German v. Commissioner of the Social Security Administration

CourtDistrict Court, D. South Carolina
DecidedOctober 26, 2020
Docket5:19-cv-01975
StatusUnknown

This text of German v. Commissioner of the Social Security Administration (German v. Commissioner of the Social Security Administration) is published on Counsel Stack Legal Research, covering District Court, D. South Carolina primary law. Counsel Stack provides free access to over 12 million legal documents including statutes, case law, regulations, and constitutions.

Bluebook
German v. Commissioner of the Social Security Administration, (D.S.C. 2020).

Opinion

IN THE UNITED STATES DISTRICT COURT FOR THE DISTRICT OF SOUTH CAROLINA ORANGEBURG DIVISION

Jacqueline German, Civil Action No. 5:19-cv-1975-CMC

Plaintiff, vs. OPINION AND ORDER

Andrew Saul, Commissioner of Social Security Administration, Defendant.

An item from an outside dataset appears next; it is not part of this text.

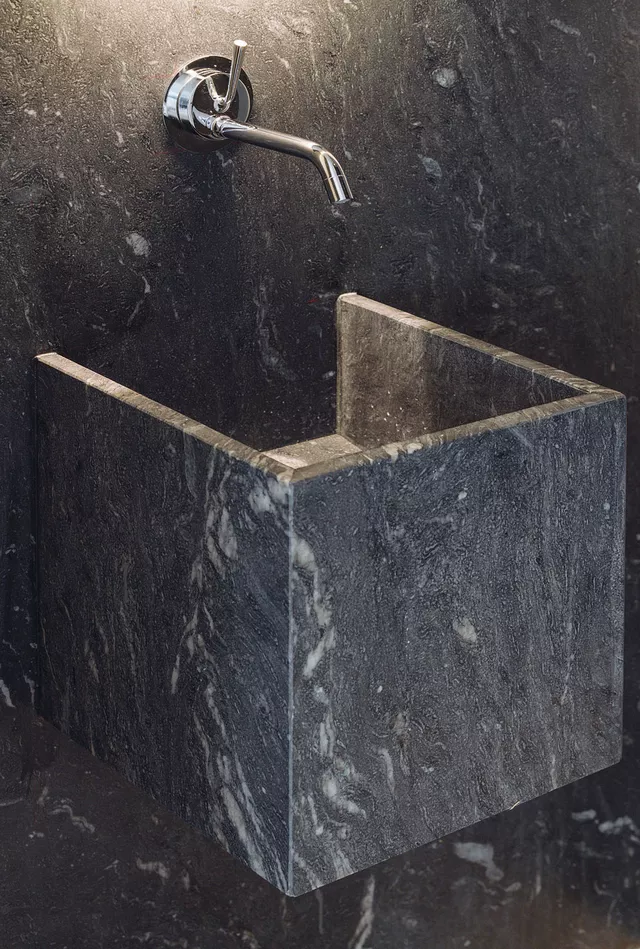 Opting for a contemporary, large, clean, open space, together with respect for the original building elements, generates a new sensitivity that obliges careful design and selection of the rest of the materials for the apartment. The elaborate laying of the floors, the purposeful design of the pieces of furniture and lighting, incorporating fine materials such as stone and brass, complete the intervention and succeed in creating a new atmosphere of a contemporary home that respects the original character of the late 19th century stately building in which it is located.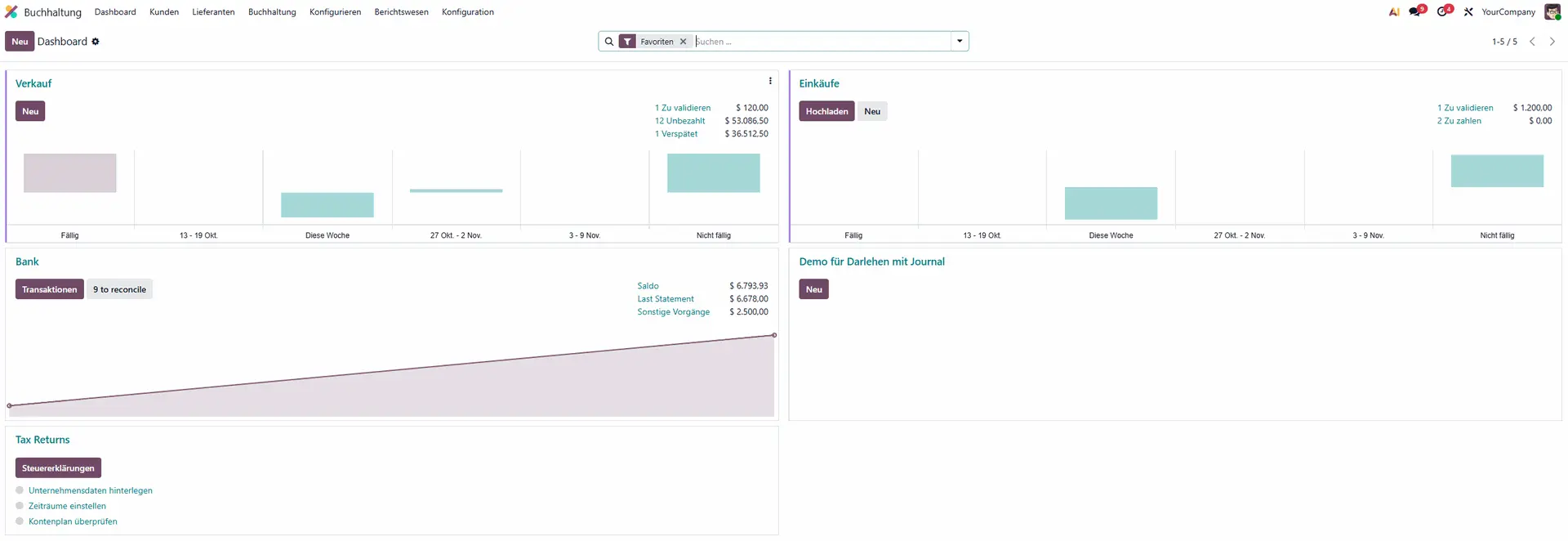 Odoo ist eine modulare Open Source Business-Software für die Buchhaltung, die sämtliche betriebliche Abläufe in einem System bündelt. Die integrierte Odoo Accounting App zählt zu den leistungsfähigsten cloudbasierten Buchhaltungslösungen im europäischen Markt. Sie ist GoBD-zertifiziert (in Deutschland), vollständig integriert in alle Geschäftsprozesse und darauf ausgelegt, Buchhaltungsaufwand signifikant zu reduzieren.

Through this action, Plaintiff seeks judicial review of the final decision of the Commissioner of Social Security denying her claim for Disability Insurance Benefits (“DIB”). Plaintiff appealed pursuant to 42 U.S.C. § 405(g). The matter is currently before the court for review of the Report and Recommendation (“Report”) of Magistrate Judge Kaymani D. West, made in accordance with 28 U.S.C. § 636(b)(1)(B) and Local Rules 73.02(b)(2)(a) and 83.VII.02, et seq., D.S.C. The Report, filed September 3, 2020, recommends the decision of the Commissioner be affirmed. ECF No. 22. On September 15, 2020, Plaintiff filed objections to the Report. ECF No. 24. On September 17, 2020, the Commissioner filed a response to Plaintiff’s objections. ECF No. 27. For the reasons stated below, the court declines to adopt the Report, reverses the decision of the Commissioner, and remands the case for further administrative proceedings pursuant to Sentence Four of 42 U.S.C. § 405(g). Standard The Magistrate Judge makes only a recommendation to this court. The recommendation has no presumptive weight, and the responsibility to make a final determination remains with the court. Mathews v. Weber, 423 U.S. 261 (1976). The court is charged with making a de novo determination of those portions of the Report to which specific objection is made, and the court may accept, reject, or modify, in whole or in part, the recommendation of the Magistrate Judge, or recommit the matter to the Magistrate Judge with instructions. 28 U.S.C. § 636(b)(1). The court reviews only for clear error in the absence of an objection. See Diamond v. Colonial Life &

Accident Ins. Co., 416 F.3d 310, 315 (4th Cir. 2005) (stating that “in the absence of a timely filed objection, a district court need not conduct a de novo review, but instead must ‘only satisfy itself that there is no clear error on the face of the record in order to accept the recommendation.’”) (quoting Fed. R. Civ. P. 72 advisory committee’s note). The role of the federal judiciary in the administrative scheme established by the Social Security Act is a limited one. Section 205(g) of the Act provides, “[t]he findings of the Secretary as to any fact, if supported by substantial evidence, shall be conclusive . . . .”1 42 U.S.C. § 405(g). The court must uphold the Commissioner’s decision as long as it was supported by substantial evidence and reached through the application of the correct legal standard. Johnson v. Barnhart,

434 F.3d 650 (4th Cir. 2005). This standard precludes a de novo review of the factual circumstances that substitutes the court’s findings for those of the Commissioner. Vitek v. Finch, 438 F.2d 1157 (4th Cir. 1971). “From this it does not follow, however, that the findings of the

1 “Substantial evidence has been defined innumerable times as more than a scintilla, but less than a preponderance.” Thomas v. Celebrezze, 331 F.2d 541, 543 (4th Cir. 1964). “It means – and it means only – such relevant evidence as a reasonable mind might accept as adequate to support a conclusion.” Biestek v. Berryhill, 578 U.S. __, 139 S. Ct. 1148, 1154 (2019). 2 administrative agency are to be mechanically accepted. The statutorily granted right of review contemplates more than an uncritical rubber stamping of the administrative action.” Flack v. Cohen, 413 F.2d 278, 279 (4th Cir. 1969). “[T]he courts must not abdicate their responsibility to give careful scrutiny to the whole record to assure that there is a sound foundation for the [Commissioner’s] findings, and that his conclusion is rational.” Vitek, 438 F.2d at 1157-58.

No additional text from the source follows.